The main thing that makes Pyright/Pylance slow is unannotated return values. That's mostly what's in the stubs. Annotating all of the return values in sympy would make Pyright/Pylance a lot faster.
You don't need to annotate every single symbol. You can
- annotate all public symbols.
- If that is too much, annotate most of the main symbols.
- If that is still too much, then you can annotate the core ones that others depend on.
If needed, we could provide a way for you to find (3), so you can strategically add annotations to symbols that matter most.
As a maintainer of sympy, it would be great if you could get sympy typed enough that Pyright is fast to analyze sympy.
I agree but it is really hard to do. Symbolic computing is to some extent inherently weakly typed but also there are many historic design decisions in SymPy that make this harder. The big one is that in SymPy every different kind of symbolic expression node is a different Python class:
In [1]: e1 = sin(x)
In [2]: e2 = e1 + 1
In [3]: e1
Out[3]: sin(x)
In [4]: e2
Out[4]: sin(x) + 1
In [5]: type(e1)
Out[5]: sin
In [6]: type(e2)
Out[6]: sympy.core.add.Add
These types can also return different types from their constructors:
In [7]: e3 = Add(x, x) # We try to construct an Add but we get a Mul
In [8]: e3
Out[8]: 2⋅x
In [9]: type(e3)
Out[9]: sympy.core.mul.Mul
More discussion of this is in https://github.com/sympy/sympy/pull/25103 and https://github.com/python/mypy/issues/15182.
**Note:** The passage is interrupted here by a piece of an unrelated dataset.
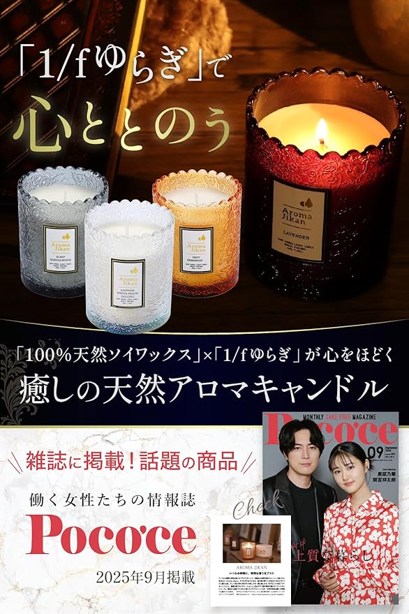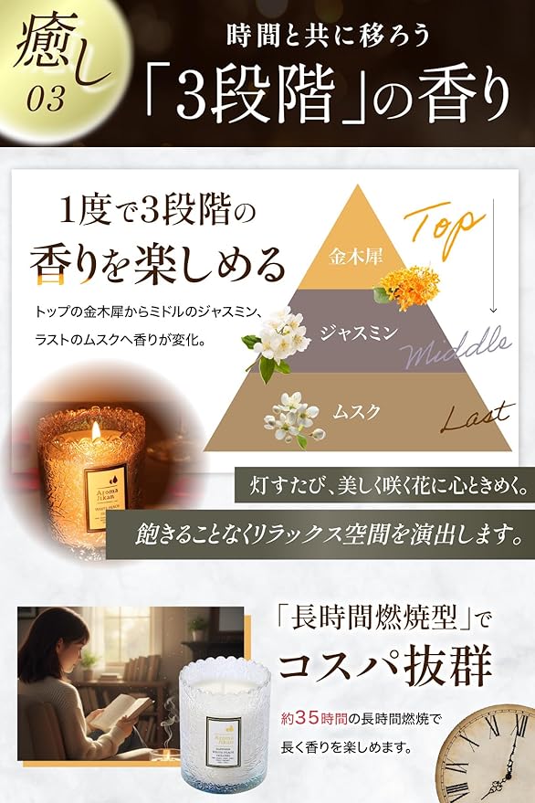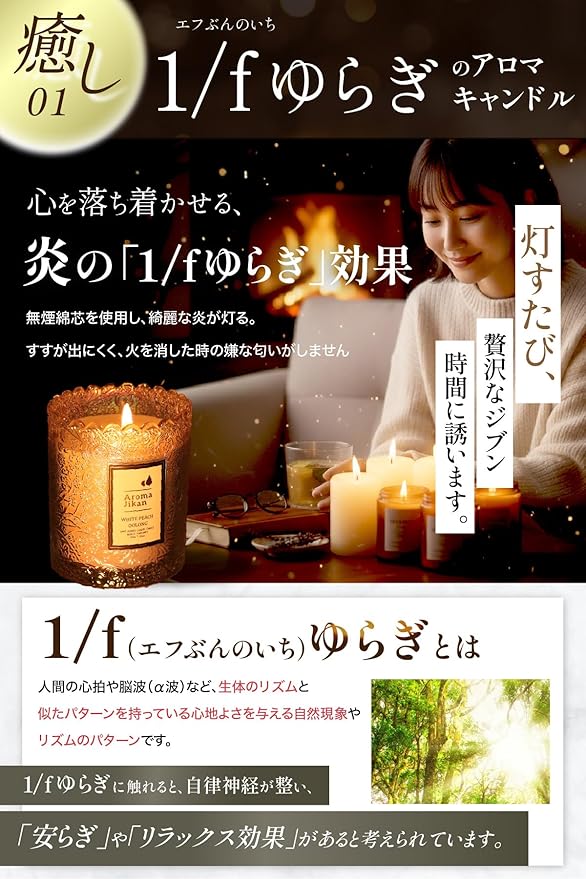 ・【お気に入りの香りをお選び下さい】:アロマキャンドルの炎には、副交感神経を刺激する効果があり、リラックスを促す作用が期待出来ます。また、炎の揺らぎは「1/fゆらぎ」と言われ、心を落ちつかせる作用があると言われています。下記のフレグランスを御用意しております:Mokuren(木蓮)、BerriesRose(バラ)、WhitePeachOolong(白桃ウーロン)、Lavender(ラベンダー)、BlackCedar&Juniper(森の香り)、LimeBasilOrange(ライムバジルオレンジ)、Sandalwood(白檀)、Kinmokusei(キンモクセイ)、Jasmine(ジャスミン)。

I had a chance to look more deeply at this issue. I've tracked down the problem to a particular expression that spans about 750 lines in the assumptions_generated.py
file. It is assigned to a variable named full_implications
. I'll look for ways to improve the type evaluation performance for this expression.
Just in case everyone is not aware there was a SymPy PR (https://github.com/sympy/sympy/pull/26528) related to this from @heejaechang that got merged. That probably means that there are differences between SymPy 1.12 vs current master relating to this issue.
This is included in pyright 1.1.365.